----- Dataset extract

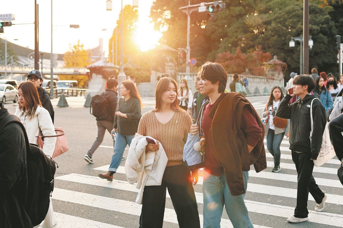 暖かい陽気の中、歩く人たち=東京都渋谷区で(平野皓士朗撮影)
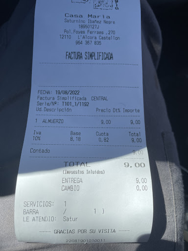 Read moreLa comida no está mal, dentro de lo que cabe esperar de un menú diario de polígono industrial pero el trato horrible. La camarera no sabía explicar los platos que le preguntabas y con malos modales y a la hora de cobrar el camarero te cobraba igual los menú de café que sin café y su respuesta era entre risas “la otra vez también te parecía caro, siempre te parece caro”. Cuando era la primera vez que iba y se lo dije. No...
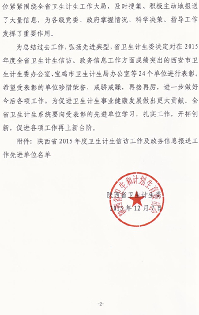 12月9日,省卫生计生委召开了全省卫生计生系统办公室主任暨信访工作会,会议通报了2015年全省卫生计生信访、政务信息等重点工作情况;安排部署了下一阶段信访督查督办、政务信息报送、文书机要等有关工作等;会议还对2015年度全省卫生计生信访、政务信息工作方面成绩突出的24个单位进行了表彰。素股在2015年政务信息报送工作方面成绩突出,荣获全省2015年度政务信息工作先进单位。
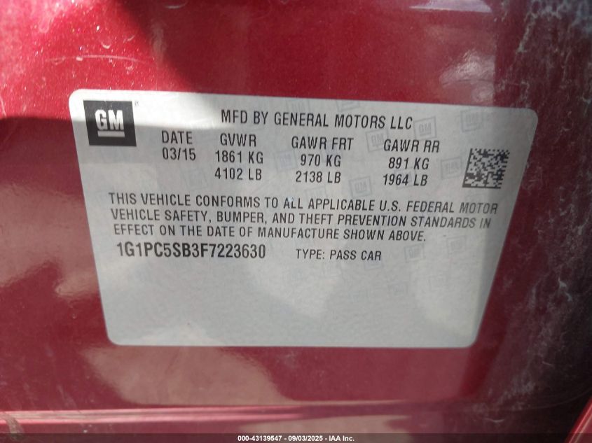 2015 CHEVROLET CRUZE 2015 року Бензин, 1.4, Передний привод, vin - 1G1PC5SB3F7223630 из США
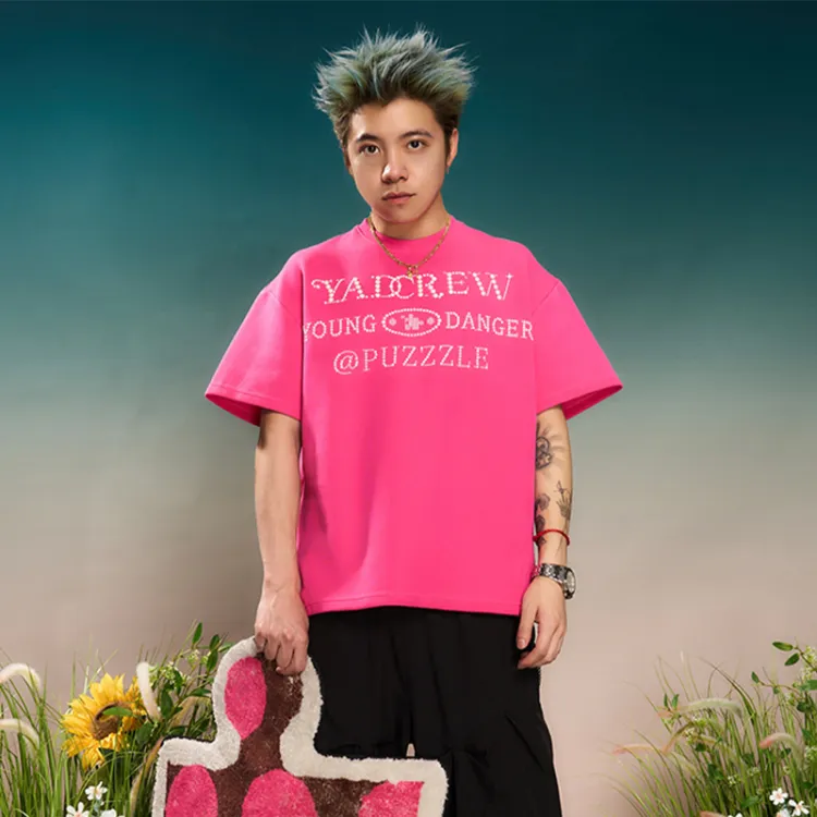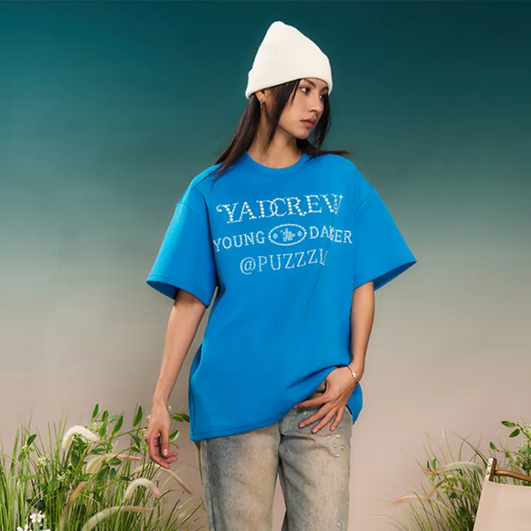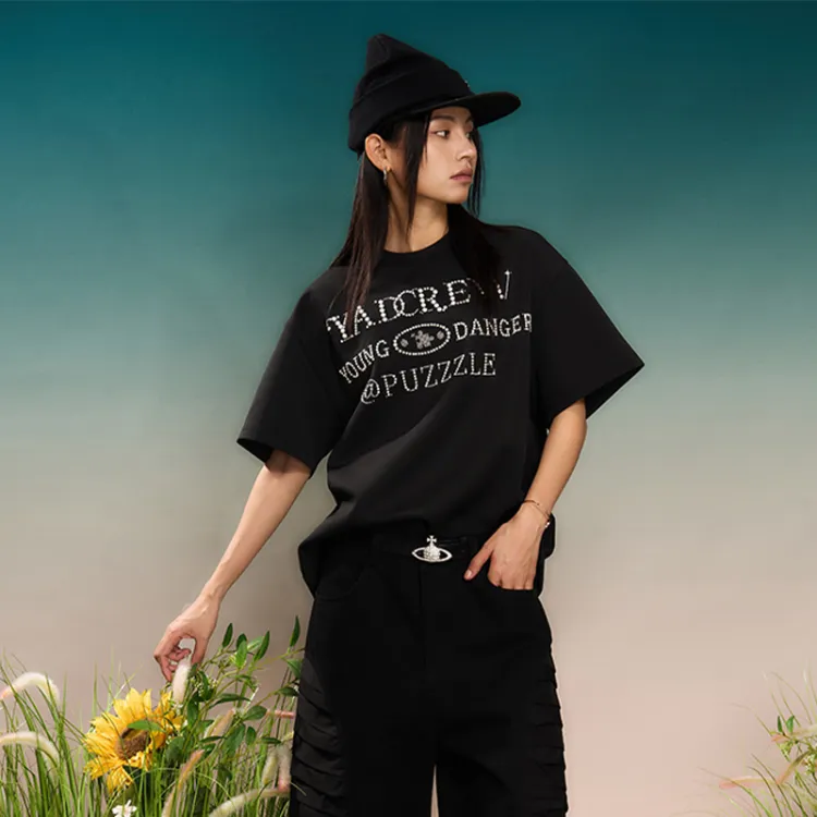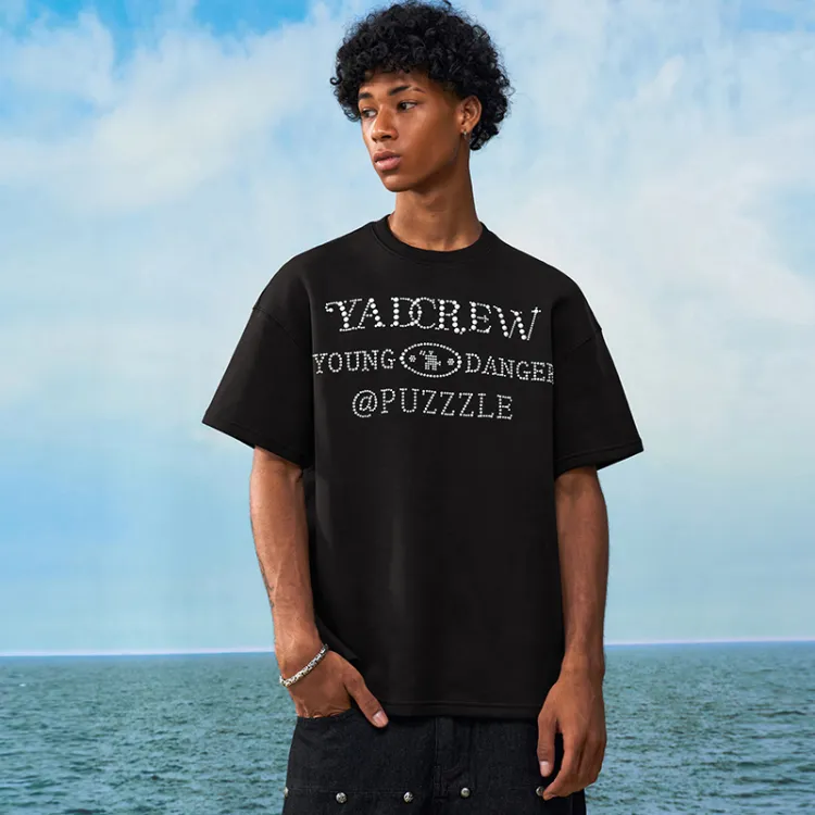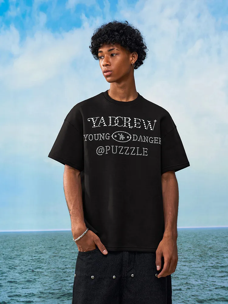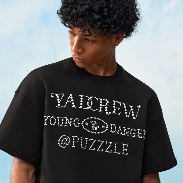 블랙 히트-Transfer 진주 반팔 셔츠 + 그레이 진주 로고 반바지

----------

[Task to carry out]: Pictures are to be omitted. The lines from the line holding "12月9日,省卫生计生委召开" through the closing line of the data above are to be set down exactly, and nothing more.

[Solution to the problem]:
 12月9日,省卫生计生委召开了全省卫生计生系统办公室主任暨信访工作会,会议通报了2015年全省卫生计生信访、政务信息等重点工作情况;安排部署了下一阶段信访督查督办、政务信息报送、文书机要等有关工作等;会议还对2015年度全省卫生计生信访、政务信息工作方面成绩突出的24个单位进行了表彰。素股在2015年政务信息报送工作方面成绩突出,荣获全省2015年度政务信息工作先进单位。
 2015 CHEVROLET CRUZE 2015 року Бензин, 1.4, Передний привод, vin - 1G1PC5SB3F7223630 из США
 블랙 히트-Transfer 진주 반팔 셔츠 + 그레이 진주 로고 반바지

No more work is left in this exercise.